• ASSIGNMENT: Leave the pictures out and reproduce, exactly, the lines from the one with "Sheet 〰 25-40 USD" through the end of the entries below.

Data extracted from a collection
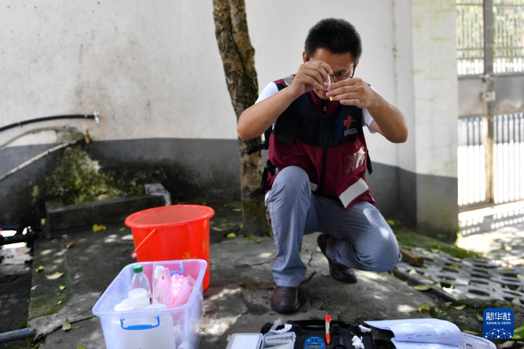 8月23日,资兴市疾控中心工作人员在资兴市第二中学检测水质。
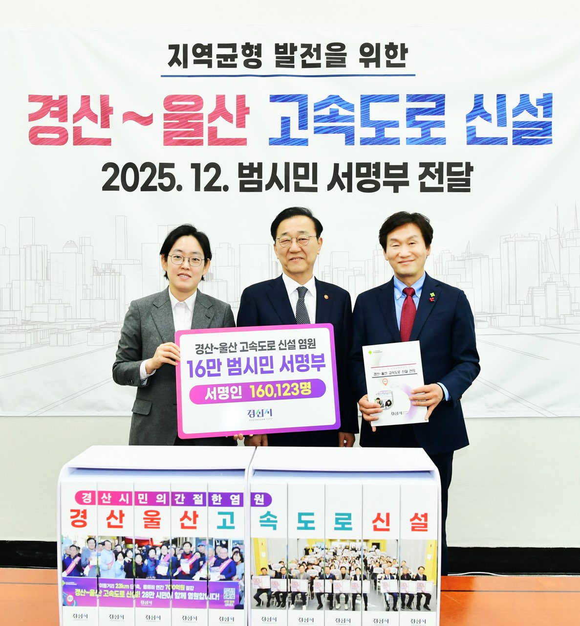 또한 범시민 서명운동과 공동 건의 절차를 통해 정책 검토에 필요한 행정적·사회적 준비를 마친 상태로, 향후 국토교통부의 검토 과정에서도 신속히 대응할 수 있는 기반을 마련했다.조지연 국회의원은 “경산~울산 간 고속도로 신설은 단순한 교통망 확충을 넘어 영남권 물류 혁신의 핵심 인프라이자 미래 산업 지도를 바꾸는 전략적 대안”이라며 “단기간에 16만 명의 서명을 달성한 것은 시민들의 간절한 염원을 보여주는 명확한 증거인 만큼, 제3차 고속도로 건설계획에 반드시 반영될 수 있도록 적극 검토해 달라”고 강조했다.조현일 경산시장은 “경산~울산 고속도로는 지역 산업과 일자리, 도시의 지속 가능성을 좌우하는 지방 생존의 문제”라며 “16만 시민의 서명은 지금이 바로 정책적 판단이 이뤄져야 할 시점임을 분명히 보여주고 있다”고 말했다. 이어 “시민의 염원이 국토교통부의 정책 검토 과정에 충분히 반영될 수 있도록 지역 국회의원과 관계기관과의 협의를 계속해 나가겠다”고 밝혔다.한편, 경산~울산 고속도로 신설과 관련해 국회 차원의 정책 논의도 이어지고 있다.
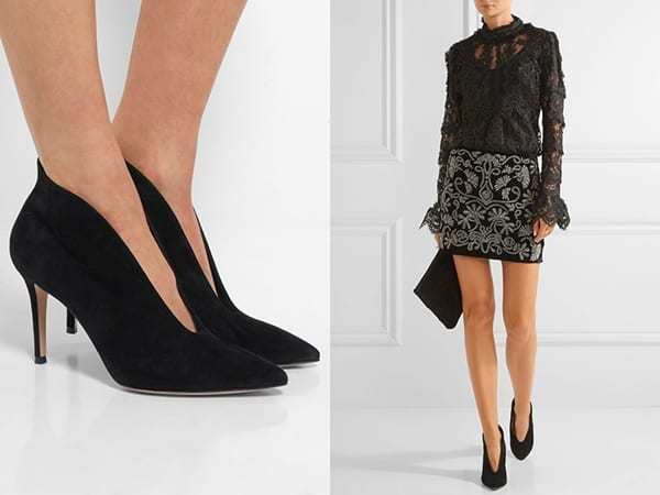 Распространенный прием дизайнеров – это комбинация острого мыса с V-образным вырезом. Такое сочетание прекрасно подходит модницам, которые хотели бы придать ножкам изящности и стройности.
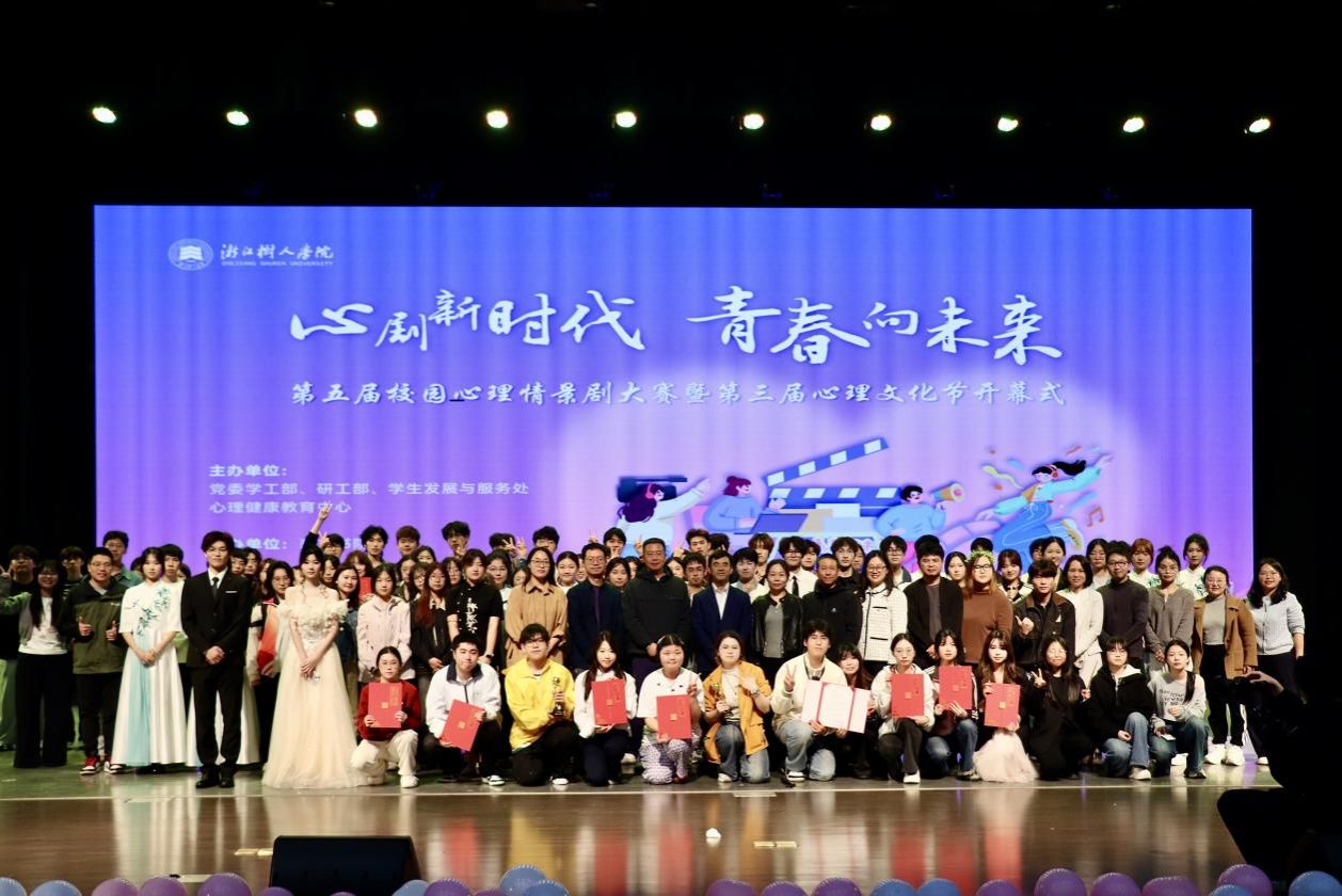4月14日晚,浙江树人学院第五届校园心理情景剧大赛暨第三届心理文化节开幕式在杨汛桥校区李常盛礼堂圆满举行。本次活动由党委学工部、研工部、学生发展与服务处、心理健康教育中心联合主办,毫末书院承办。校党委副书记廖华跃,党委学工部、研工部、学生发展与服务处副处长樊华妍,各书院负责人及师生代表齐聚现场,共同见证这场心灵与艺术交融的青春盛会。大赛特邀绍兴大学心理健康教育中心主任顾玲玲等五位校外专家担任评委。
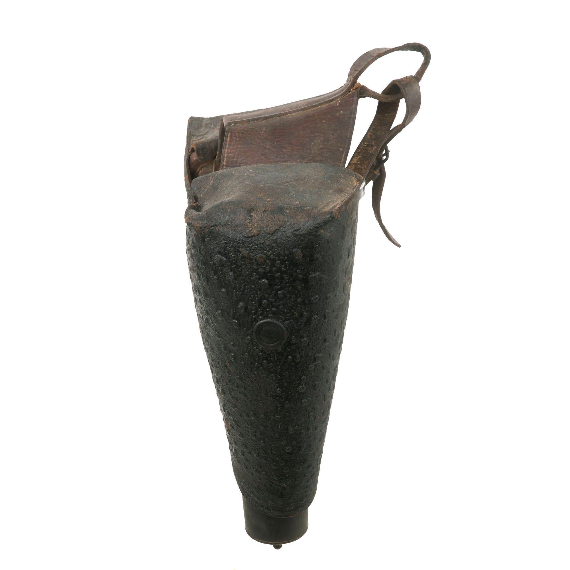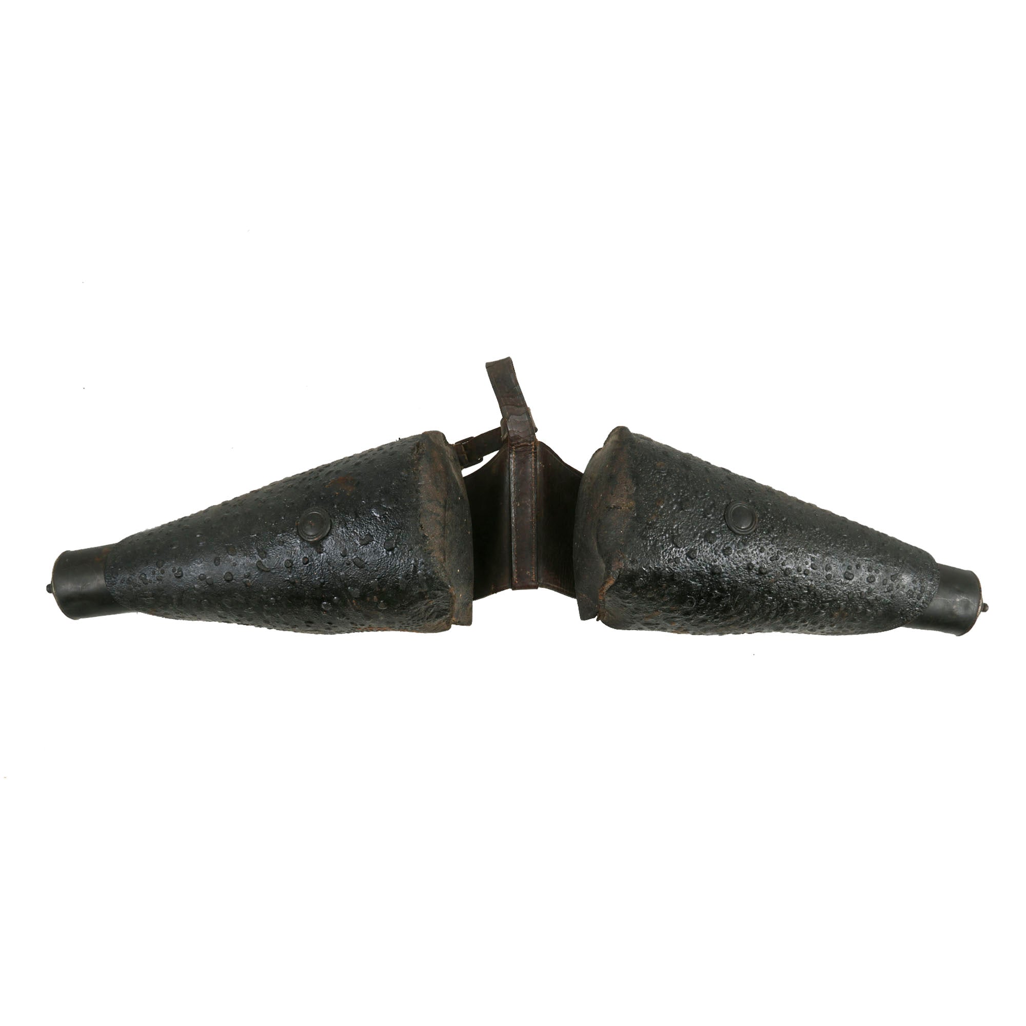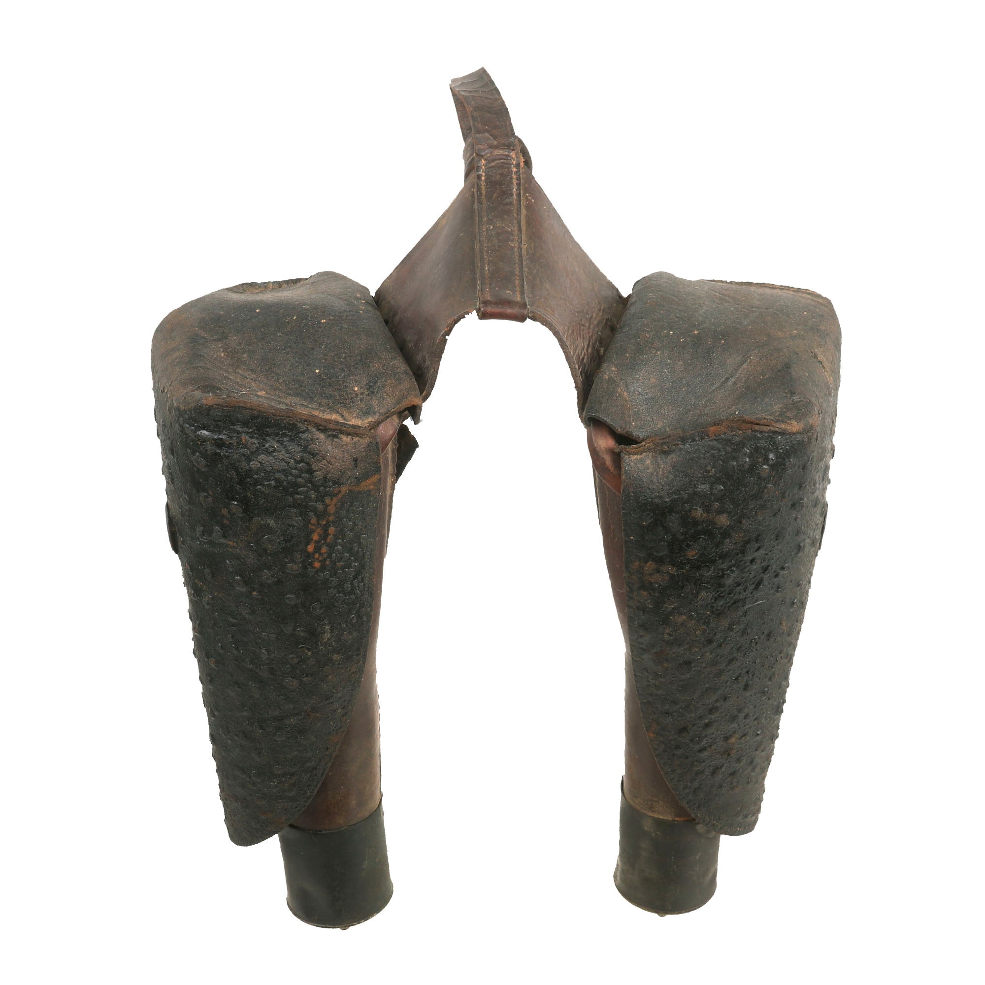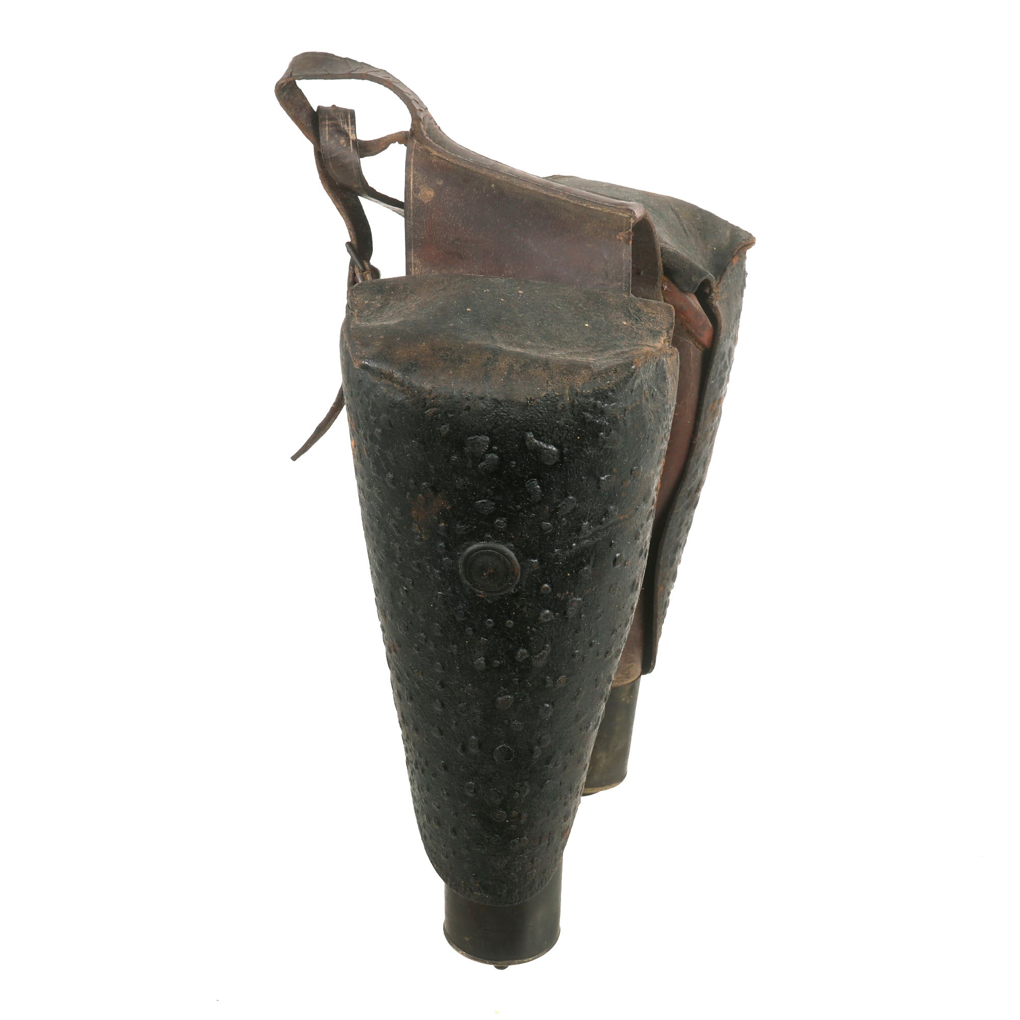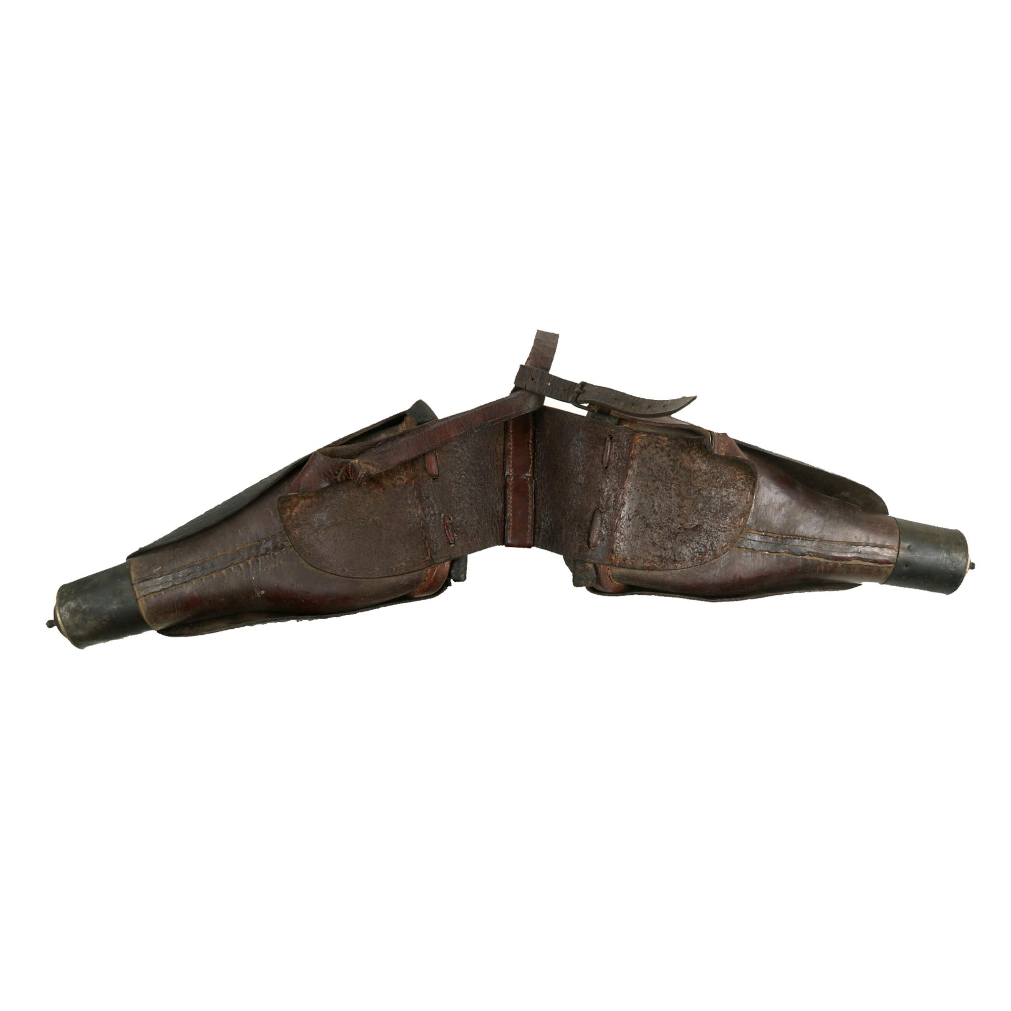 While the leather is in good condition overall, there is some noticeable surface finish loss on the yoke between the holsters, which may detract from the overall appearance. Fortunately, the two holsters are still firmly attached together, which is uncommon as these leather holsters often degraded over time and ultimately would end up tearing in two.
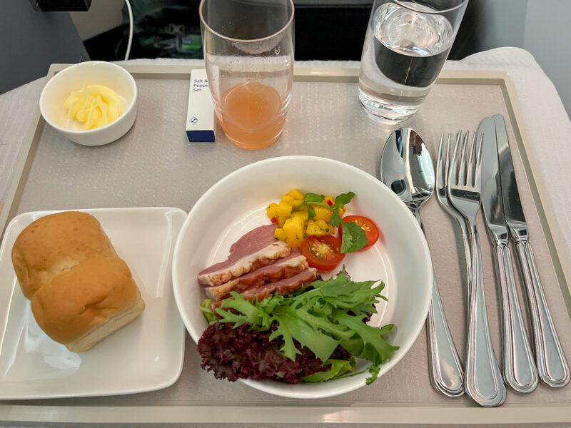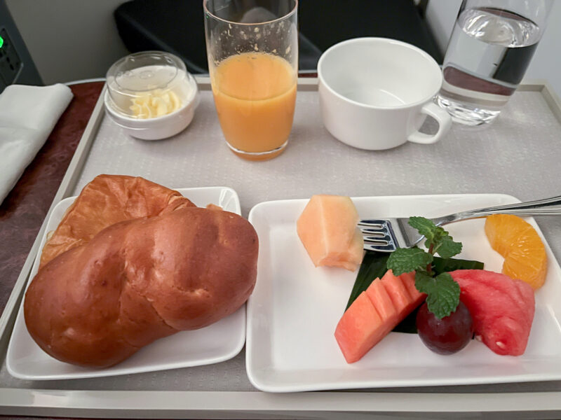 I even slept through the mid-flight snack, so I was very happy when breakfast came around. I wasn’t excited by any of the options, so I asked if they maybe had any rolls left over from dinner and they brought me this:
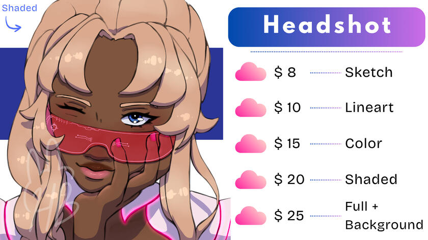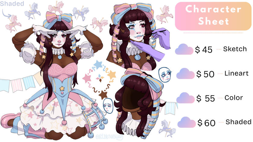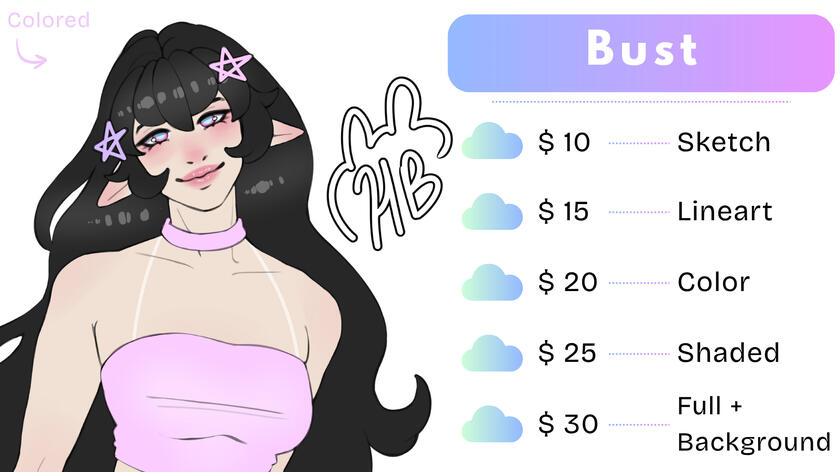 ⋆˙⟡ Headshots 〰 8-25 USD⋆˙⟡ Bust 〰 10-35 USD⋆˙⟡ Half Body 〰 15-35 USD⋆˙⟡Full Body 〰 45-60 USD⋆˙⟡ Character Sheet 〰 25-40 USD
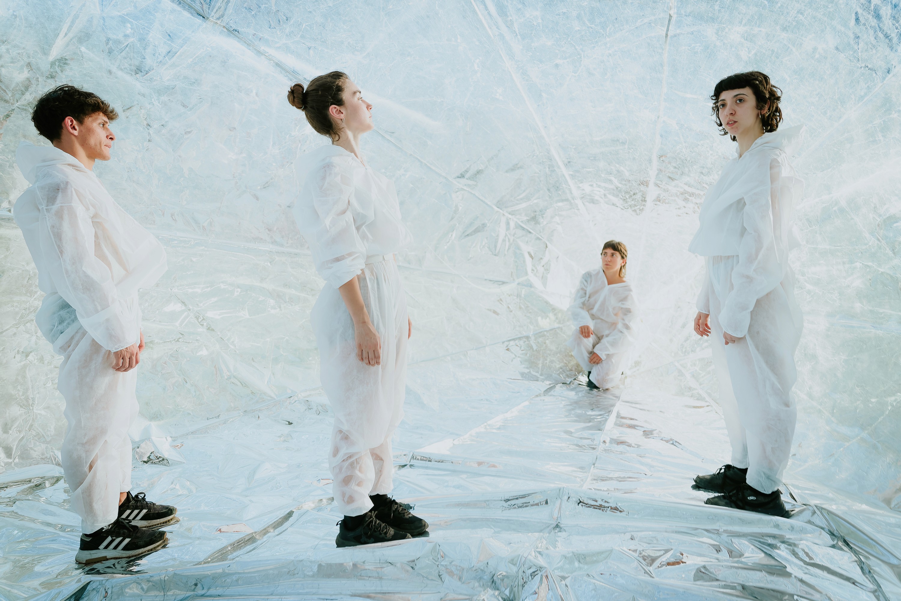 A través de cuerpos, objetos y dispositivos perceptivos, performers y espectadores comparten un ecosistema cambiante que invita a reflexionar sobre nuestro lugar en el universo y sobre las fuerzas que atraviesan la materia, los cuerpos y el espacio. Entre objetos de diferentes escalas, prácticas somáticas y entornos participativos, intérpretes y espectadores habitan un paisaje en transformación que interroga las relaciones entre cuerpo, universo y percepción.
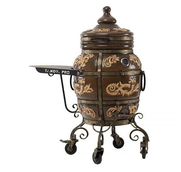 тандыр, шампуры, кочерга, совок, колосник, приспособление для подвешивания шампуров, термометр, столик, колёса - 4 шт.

• TASK OUTPUT:
 ⋆˙⟡ Headshots 〰 8-25 USD⋆˙⟡ Bust 〰 10-35 USD⋆˙⟡ Half Body 〰 15-35 USD⋆˙⟡Full Body 〰 45-60 USD⋆˙⟡ Character Sheet 〰 25-40 USD
 A través de cuerpos, objetos y dispositivos perceptivos, performers y espectadores comparten un ecosistema cambiante que invita a reflexionar sobre nuestro lugar en el universo y sobre las fuerzas que atraviesan la materia, los cuerpos y el espacio. Entre objetos de diferentes escalas, prácticas somáticas y entornos participativos, intérpretes y espectadores habitan un paisaje en transformación que interroga las relaciones entre cuerpo, universo y percepción.
 тандыр, шампуры, кочерга, совок, колосник, приспособление для подвешивания шампуров, термометр, столик, колёса - 4 шт.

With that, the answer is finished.